The TRACE project is a collaboration of five OSU colleges – Science, Agricultural Sciences, the Carlson College of Veterinary Medicine, Engineering, and Public Health and Human Sciences – plus the OSU Center for Genome Research and Biocomputing.

The project works in partnership with the Benton County Health Department in Corvallis and other county health departments around the state. TRACE Community has also conducted sampling in Bend, Newport, Hermiston, Eugene and Redmond.

The diagnostic testing component of TRACE operates through a partnership between the Oregon Veterinary Diagnostic Laboratory, which is located at OSU, and Willamette Valley Toxicology.

OSU researchers have conducted weekly testing of Corvallis community wastewater since May 2020. Genetic evidence of the virus, shed by people who are infected, has been generally trending downward in recent weeks, according to Oregon State researchers.

In September 2020, during the fifth round of TRACE Community door-to-door sampling in Corvallis, wastewater analysis was consistent with the community prevalence estimate of three cases per 1,000 residents that the nasal swab testing suggested.

“TRACE’s collaboration with wastewater researchers Tiffany Garcia and Taal Levi in the OSU College of Agricultural Sciences has been a huge benefit,” Tyler says. “They have provided additional wastewater samples and data from their ongoing Corvallis monitoring project to help TRACE determine which neighborhoods would be most valuable to sample door to door.”
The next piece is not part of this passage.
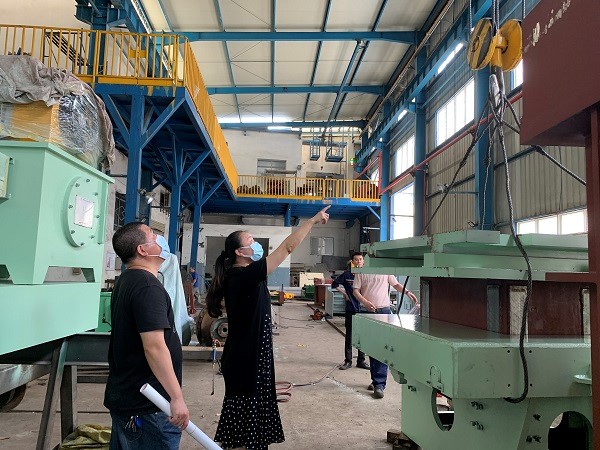 图为青山区新沟街纪工委联合区域发展办公室,调研了解区内企业生产经营情况

The TRACE prevalence estimates are based on a variety of inputs including test sensitivity, number of people tested and where those testing positive live. In Corvallis, where the participation percentage has consistently been around 70%, a weekend of door-to-door visits can produce nearly 700 samples.
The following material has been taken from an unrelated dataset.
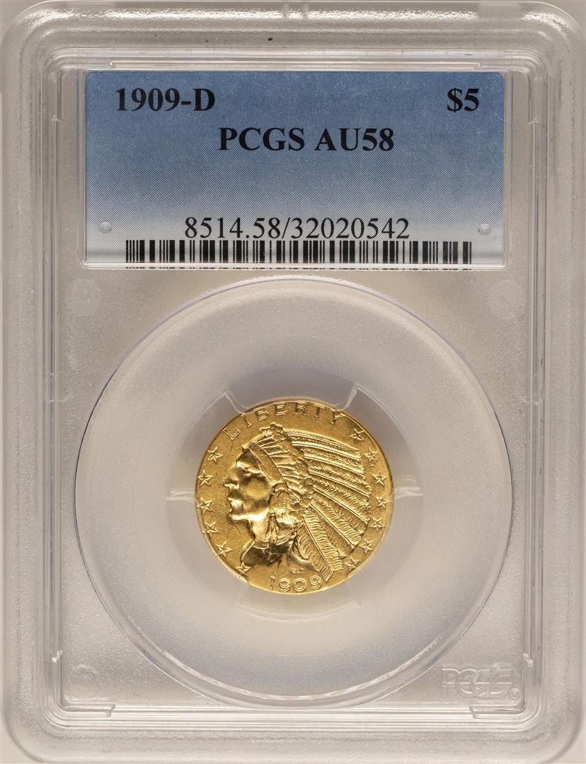 One 1909-D $5 Indian Head Half Eagle Gold Coin PCGS AU58. PCGS Graded.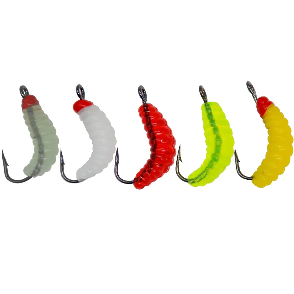 Señuelo de pesca larva, gusano de pan con anzuelo, cabeza de inmersión, señuelos artificiales, 2,2 cm, 0,55g, cebo blando, lote de 10 piezas en oferta

“TRACE  hopes that people will consider participating if our team knocks on their door,” says project co-leader Jeff Bethel, an associate professor in OSU’s College of Public Health and Human Sciences. “Participation is extremely important so we can calculate a valid estimate of prevalence in the community. We really hope people won’t say no because they were recently vaccinated or tested.”

TRACE-COVID-19 has received funding from OSU, the David and Lucile Packard Foundation, PacificSource Health Plans and the Oregon Health Authority and has been aided by work from the OSU Foundation and the OSU Alumni Association.